Department of Statistics Seminar
North Carolina State University

presents

Raymond Webster, Jungsoon Choi, Jiajun Liu

North Carolina State University

A Sampler of Graduate students

Modeling Observer Effects on Animal Density and Detection for Combined Distance and Capture-Recapture Data
Abstract
: The estimation of animal density using distance sampling methods generally ignores the effects of survey transects or observers on local animal density or detection probability. Typically, density is assumed to be uniform around the transect, which fails to allow for avoidance of or attraction to the transect by an animal species, while detection probability must be perfect on the transect, which may be untrue for many species. We propose parametric models for combined distance and capture-recapture survey data from line and point transect surveys that allow for two types of movement: permanent avoidance of or attraction to a transect, and temporary displacement of animals in the vicinity of a transect. Through a simulation study, we show that, provided sufficient animals are detected, the parameter estimators have little bias, and can lead to improved density estimates over the uniform model. We apply our models to a point transect survey of birds in the Great Smoky Mountains National Park.
*This is joint work with Kenneth Pollock (NCSU)

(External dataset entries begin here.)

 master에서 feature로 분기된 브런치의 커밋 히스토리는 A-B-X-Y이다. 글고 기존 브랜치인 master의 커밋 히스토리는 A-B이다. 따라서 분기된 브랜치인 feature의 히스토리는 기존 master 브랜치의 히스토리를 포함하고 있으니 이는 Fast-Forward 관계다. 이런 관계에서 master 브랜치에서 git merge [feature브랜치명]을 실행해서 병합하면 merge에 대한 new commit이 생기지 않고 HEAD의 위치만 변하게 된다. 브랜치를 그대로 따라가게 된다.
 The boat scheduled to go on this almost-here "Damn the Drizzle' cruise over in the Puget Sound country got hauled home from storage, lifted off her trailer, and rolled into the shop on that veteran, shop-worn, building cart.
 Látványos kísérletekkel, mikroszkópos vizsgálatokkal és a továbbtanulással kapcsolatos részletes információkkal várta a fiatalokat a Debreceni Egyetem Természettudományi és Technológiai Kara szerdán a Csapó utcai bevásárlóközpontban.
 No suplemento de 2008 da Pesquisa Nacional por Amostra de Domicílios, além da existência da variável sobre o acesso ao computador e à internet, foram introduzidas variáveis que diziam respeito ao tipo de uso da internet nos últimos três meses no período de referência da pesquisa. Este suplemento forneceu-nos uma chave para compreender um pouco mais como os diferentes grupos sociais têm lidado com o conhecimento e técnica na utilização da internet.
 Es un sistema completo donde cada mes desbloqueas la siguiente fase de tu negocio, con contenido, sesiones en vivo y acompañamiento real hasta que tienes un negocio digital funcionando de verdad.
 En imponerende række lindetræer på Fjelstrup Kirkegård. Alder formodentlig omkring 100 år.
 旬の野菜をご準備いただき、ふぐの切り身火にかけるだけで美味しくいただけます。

Multivariate Spatiotemporal Model for Speciated Fine Particulate Matter*
Abstract: Fine particle matter (PM2.5) is an atmospheric pollutant that has been linked to serious health problems, including mortality. PM2.5 is a mixture of pollutants, and it has five main components: sulfate, nitrate, total carbonaceous mass, ammonium, and crustal materials. These components have complex spatial -temporal dependency and cross-dependency structures. It is important to gain insight and better understanding about the spatial distribution of each component of total PM2.5, and also to estimate how the composition of PM2.5 might change with location and season.

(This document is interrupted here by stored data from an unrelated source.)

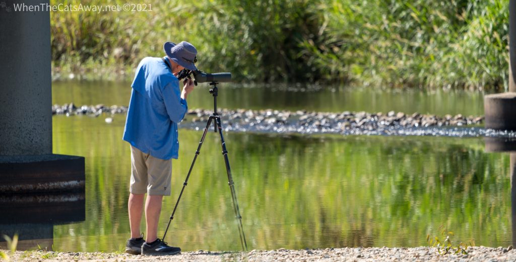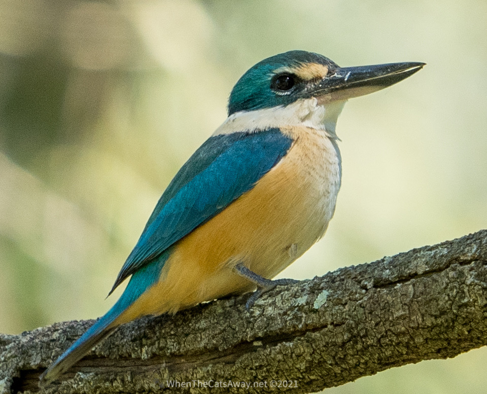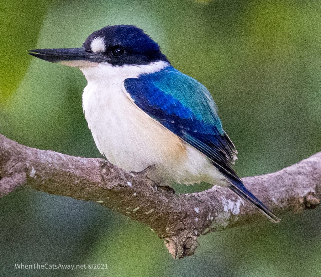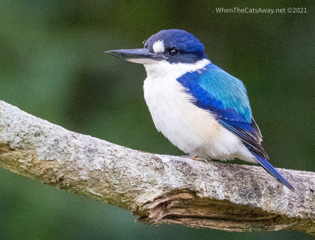 An Azure Kingfisher – a true water-hunter. These have tiny tails to help streamline them when they dive for fish and prawns in the river.Azure KingfisherAzure KingfisherA Sacred Kingfisher – they will hunt insects, frogs, crabs and lizards as well as fish.Sacred KingfisherA rather lean looking Forest Kingfisher – they have a diverse appetite and are often seen perched on powerlines watching for their next snack.Early morning photography in actionI even worked out how to use the spotting scope on the boat
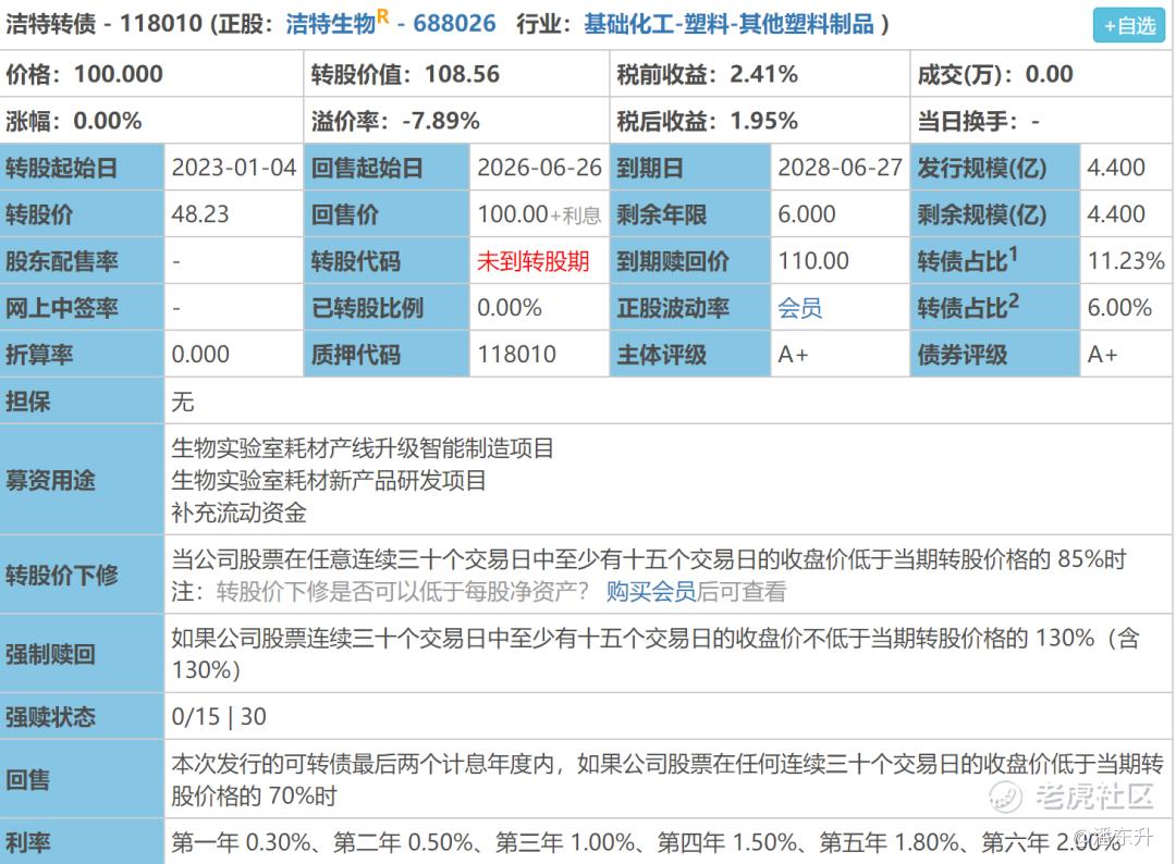 6月28日洁特转债申购分析
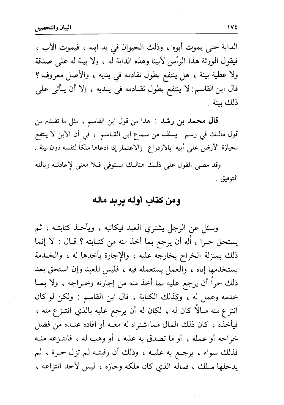 الدابة حتى يموت أبوه، وذلك الحيوان في يد ابنه، فيموت الأب، فيقول الورثة: هذا الرأس لأبينا، وهده الدابة له، ولا بينة له على صدقة ولا عطية بينة، هل ينتفع بطول تقادمه في يديه، والأصل معروف؟ قال ابن القاسم: لا ينتفع بطول تقادمه في يديه، إلا أن يأتي على ذلك بينة.
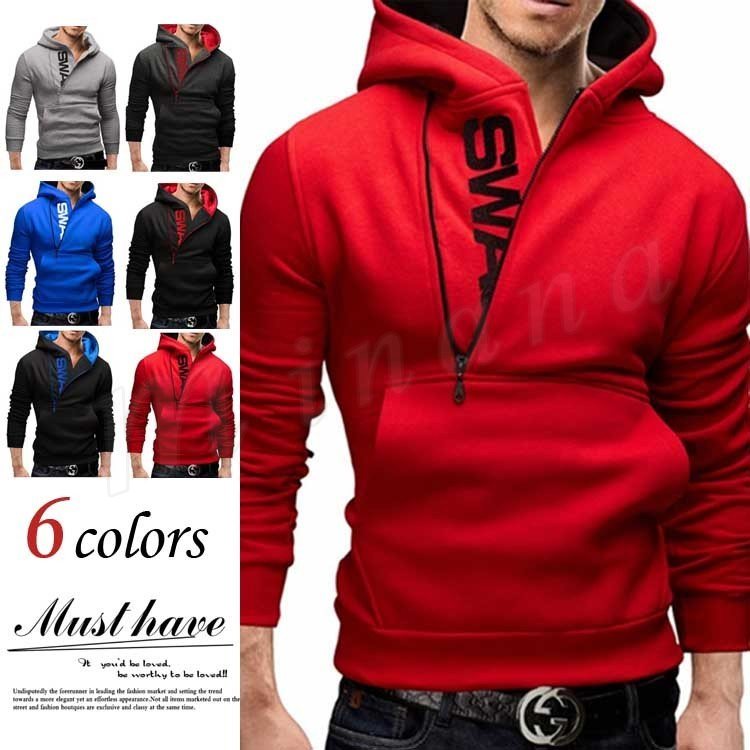 2017 メンズ 秋 新作 パーカー トレーナー ジップアップパーカー ボリュームネック スウェット 長袖
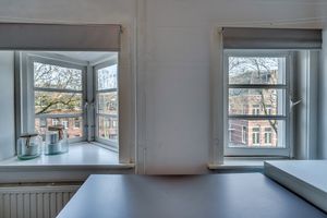 De overloop geeft toegang tot de leefkeuken, woonkamer, eetkamer, toiletruimte, 1e slaapkamer c.q. kantoorruimte en trapopgang naar de 2e verdieping. De half betegelde toiletruimte is voorzien van een zwevend toilet. De ruime doorzonwoonkamer is ingedeeld in een zit en eetgedeelte, middels originele port-brisée deuren is de woonkamer in 2 delen te scheiden. De woonkamer van ca. 35m² is verder voorzien van 2 originele opbergkasten en een elektrische kachel. Via de eetkamer is er middels de tuindeuren toegang tot het balkon. De gehele woonkamer is voorzien van een eikenplankenvloer. De gezellige originele leefkeuken is voorzien van een 5-pits gasfornuis, afzuigkap, koelkast, vaatwasmachine, terrazzo aanrechtblad en originele vloer in de keuken.

In this work we introduce a multivariate spatiotemporal model for speciated PM2.5. We propose a Bayesian hierarchical framework with spatiotemporally varying coefficients. In addition, a linear coregionalization model is developed to account for spatial and temporal dependence across the five different components as well as the associations among components at a given location and time. We apply our model to speciated PM2.5 monitoring data in the United States for the year 2004 from the U.S. Environmental Protection Agency.
*This is joint work with Montserrat Fuentes, Brian Reich, and Jerry M. Davis (NCSU)

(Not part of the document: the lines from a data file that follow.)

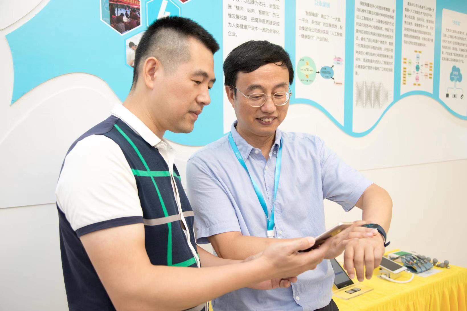 鷺燕醫(yī)藥智慧康源副總經(jīng)理吳朝陽(yáng)向用戶展示如何使用康源AI手環(huán)
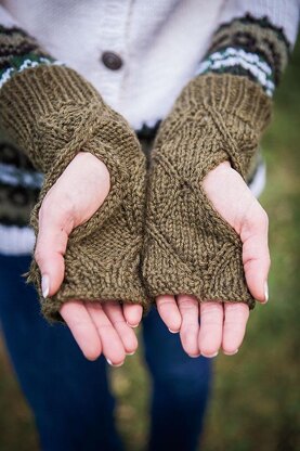 The design of these mitts takes advantage of the nature of cables. The thumb opening is an open diamond between 2 cable crossings. The cable crossings are opposite for each mitt just like your hands are mirror images of each other. Turning the mitts inside out shows off an entirely different cable pattern. (See pics)
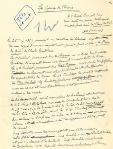 [Charles BAUDELAIRE] Fernand VANDÉREM (1864-1939) Manuscrit autographe signé, Les Caprices de Thémis, [25 décembre 1925] ; 5 pages in-8 (3 découpées pour impression et remontées) Intéressant article sur Les Fleur du Mal et la Justice, publié...
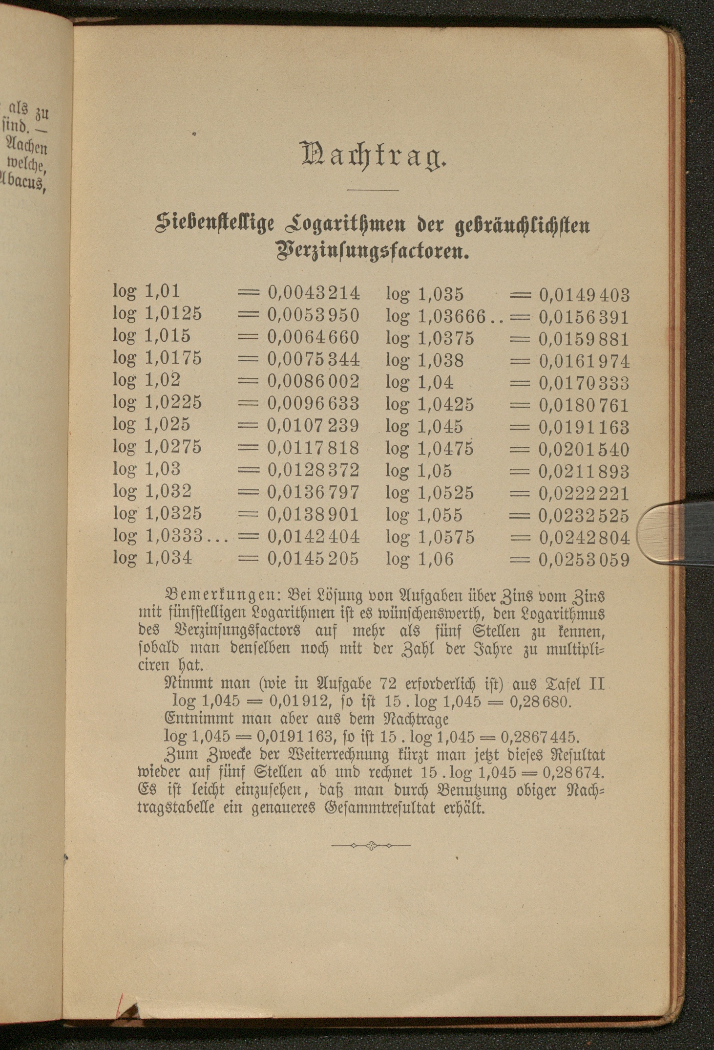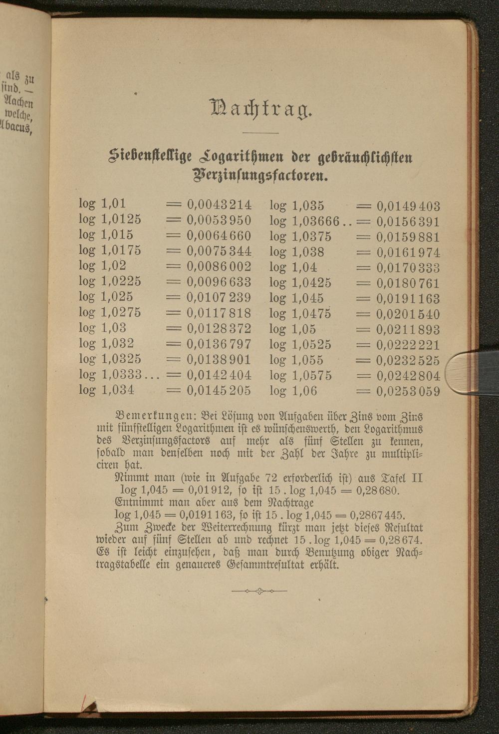 Nachtrag. Siebenstellige Logarithmen der gebräuchlichsten Verzinsungsfactoren

Analysis of Gene Expression Data Using the Gene Ontology*
Abstract: New technologies for biological systems give scientists the ability to measure thousands of gene expression for bio-molecule including genes, proteins, lipids and metabolites. Our goal is to use domain knowledge, e.g. the Gene Ontology, to guide analysis of such data. By focusing on domain-aggregated results at, say the molecular function level, increased interpretability is available to biological scientists beyond what is possible if results are presented at the gene level. We use a “top-down” approach to perform domain aggregation by first combining gene expression before testing for differentially expressed patterns. This is contrast to the more standard “bottom-up approach where genes are first tested individually then aggregated by domain knowledge. Our method is assessed and compared to other methods using a series of simulation studies. Implications from analysis of a real dataset are also presented.
*This is joint work with J. M. Hughes-Oliver (NCSU) and Alan Menius (GSK)

Friday, August 25, 2006

3:35 - 4:35 pm

206 Cox Hall

Refreshments will be served on the second floor of Dabney Hall (left of Room 222) at 3:00 pm.